But by my junior year of high school, I was skeptical. I’d started reading feminist blogs and spending time at artsy summer camps. I didn’t plan on applying to Notre Dame, and I rarely “remembered” to go to confession. When I suggested in youth group that making abortion illegal wouldn’t actually reduce abortions, but rather make them more dangerous, it wasn’t well received. I left the church when I was 15, finding meaning in feminism and hope in Barack Obama, making occasional appearances at church at Christmas Masses and Easter liturgies. When I registered to vote at 18, I registered as a Democrat. I couldn’t help but remember my mother’s story about my grandfather’s insistence that she register Republican — it was public record, and news would travel in the small town she grew up in.

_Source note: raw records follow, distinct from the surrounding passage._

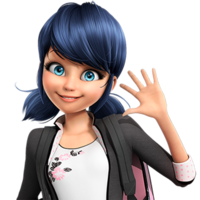 This is the main girl from Miraculous ladybug. When she is Marionette she is shy, but as Ladybug her true hero shines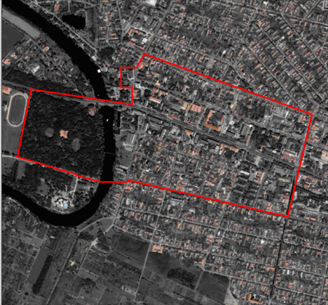A Holt-Körös bal partján található Erzsébet-liget, térképen látható lehatárolt területe, továbbá a Holt-Körös jobb partján található Szabadság út szakasza, majd a Vajda Péter utcán felfelé haladva a Vasút úttal való kereszteződésnél ráfordulva a Béke utcára, tovább a Jókai Mór utcán, (balra fordulva) és bezárva a kijelölt területet a Holt-Körös partján túli Erzsébet-liget déli határával a Városközpont minden oldalról lehatárolt területe jelenik meg.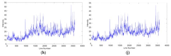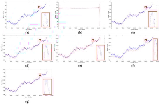 The dense spikes in area S31E147 were due to the effects of mixing errors (Figure 11a). The local zoom indicated that our method removed the spikes well, indicating that the mixing errors had been eliminated from the data and the curve fluctuations were well preserved, so the structure and elevations of the data image were well preserved (Figure 11f). Low-pass filtering was destroyed due to the ringing phenomenon at the edge, and the elevation data and data structure were destroyed (Figure 11b–e,g). TV produced a smooth curve, indicating that the detailed structure was lost to some extent, and UTV and LRSID did not obviously affect the removal of spikes, which led to residual stripes and random noise. The Gallant data set clearly deviated from the original range of the curve, and the curve was over-smoothed.
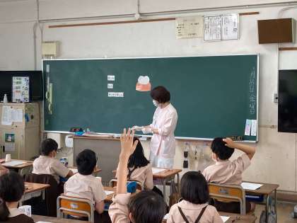 4年生対象に咀嚼チェックガム体験とフッ化物洗口を実施しました。まずは説明をしてもらいました。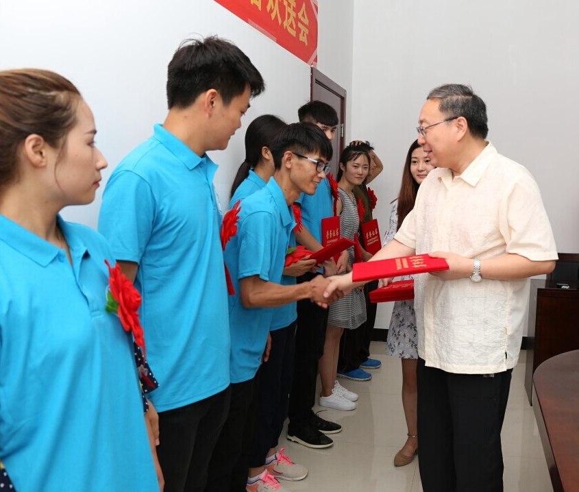 7月21日,学校在龙子湖校区图书馆625会议室举行2017年大学生西部计划志愿者欢送会。校党委书记穆瑞杰,校长李明中,校党委副书记、副校长曾照烨及相关职能部门负责同志出席会议,与即将奔赴服务地的8名志愿者话别践行。
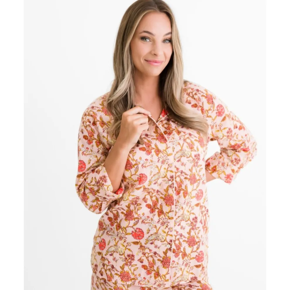 Slink into something a little more comfortable and stylish with the Mila Floral Blush PJ Top! This blush-colored cotton button-down is as cuddly as it is cute with its colorful coral and pink floral pattern. And the long sleeves mean you don’t have to sacrifice any coziness! Snuggle up in style!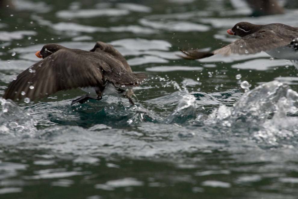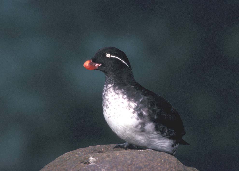 The parakeet auklet dives for krill. Sometimes it eats small fish.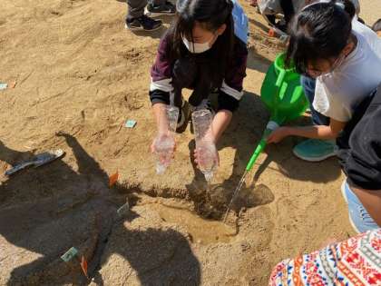予想した通りに、地面が削れていくかを旗をたてて確認しています。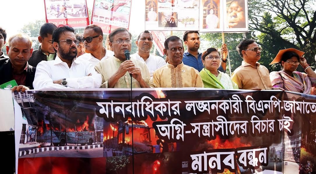 আজ রোববার রাজধানীর কেন্দ্রীয় শহীদ মিনার প্রাঙ্গণে ‘অগ্নিসন্ত্রাসের আর্তনাদ’ সংগঠন আয়োজিত ‘মানবাধিকার লংঘনকারী বিএনপি-জামায়াতের অগ্নিসন্ত্রাসী ও হুকুমদাতাদের বিচার চাই’ শীর্ষক মানববন্ধন ও সমাবেশে প্রধান অতিথির বক্তৃতায় তিনি এ সব কথা বলেন।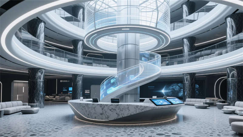厘米級定位系統(tǒng)織就空間的數(shù)字神經(jīng)網(wǎng)絡(luò),實時感知行為軌跡的熱力圖譜。增強(qiáng)現(xiàn)實技術(shù)將虛擬協(xié)作層注入物理環(huán)境,會議紀(jì)要懸浮于白墻上空,項目進(jìn)度可視化流淌在地面光帶中。智能環(huán)境控制系統(tǒng)如同無形的指揮家,根據(jù)溝通場景自動調(diào)節(jié)光域范圍與氣流速度,讓空間氛圍隨對話內(nèi)容自然脈動。當(dāng)數(shù)字邏輯與建筑肌理深度融合,辦公室便升維為承載集體智慧的生命體。

Around me, Catholic schools closed because of declining enrollments. The Polish churches with the Polish Masses that my grandparents attended closed as parishioners died and congregations dwindled. My grandparents left their houses and moved into nursing homes, and I didn’t know what happened to my grandmothers’ crucifixes and rosaries. I assumed that they were given away or gathering dust in basement boxes, relics of a world that would never be mine.

 *

I wander. Early this fall, I email Amistad: I’m a student journalist, I say. I’m interested in spending some time at Amistad. I’m happy to help out, serving meals or however I can make myself useful. Ten minutes later, Luz emails me back: “Mark is scheduled to be sentenced at the New Haven court today at 3. When were you thinking of stopping in? Mark may or may not be in jail after today’s verdict, so I can let you know if he’s around.”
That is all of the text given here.